> **Exercise requirements**: Please reproduce exactly, and only, the lines from the one with "This is the" through the last line of the listing below, both ends included, leaving out the pictures.

> **Provided material**:
————

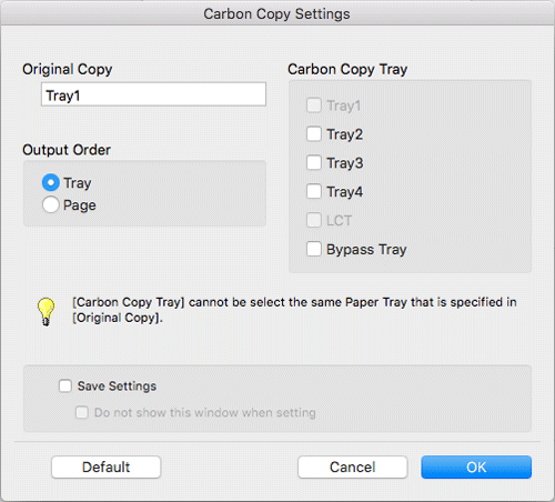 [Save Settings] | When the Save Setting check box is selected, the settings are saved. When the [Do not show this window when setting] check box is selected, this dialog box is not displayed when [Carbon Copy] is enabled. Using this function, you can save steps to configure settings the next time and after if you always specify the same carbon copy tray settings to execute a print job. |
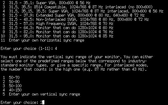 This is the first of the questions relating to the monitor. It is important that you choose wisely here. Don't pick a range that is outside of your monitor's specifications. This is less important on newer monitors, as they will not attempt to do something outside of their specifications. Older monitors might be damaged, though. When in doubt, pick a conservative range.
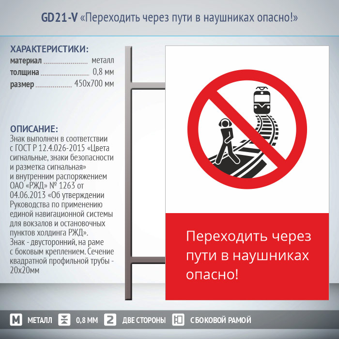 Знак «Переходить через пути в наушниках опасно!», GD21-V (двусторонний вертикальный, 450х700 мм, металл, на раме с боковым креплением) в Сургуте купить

————

> **Task solution**:
 This is the first of the questions relating to the monitor. It is important that you choose wisely here. Don't pick a range that is outside of your monitor's specifications. This is less important on newer monitors, as they will not attempt to do something outside of their specifications. Older monitors might be damaged, though. When in doubt, pick a conservative range.
 Знак «Переходить через пути в наушниках опасно!», GD21-V (двусторонний вертикальный, 450х700 мм, металл, на раме с боковым креплением) в Сургуте купить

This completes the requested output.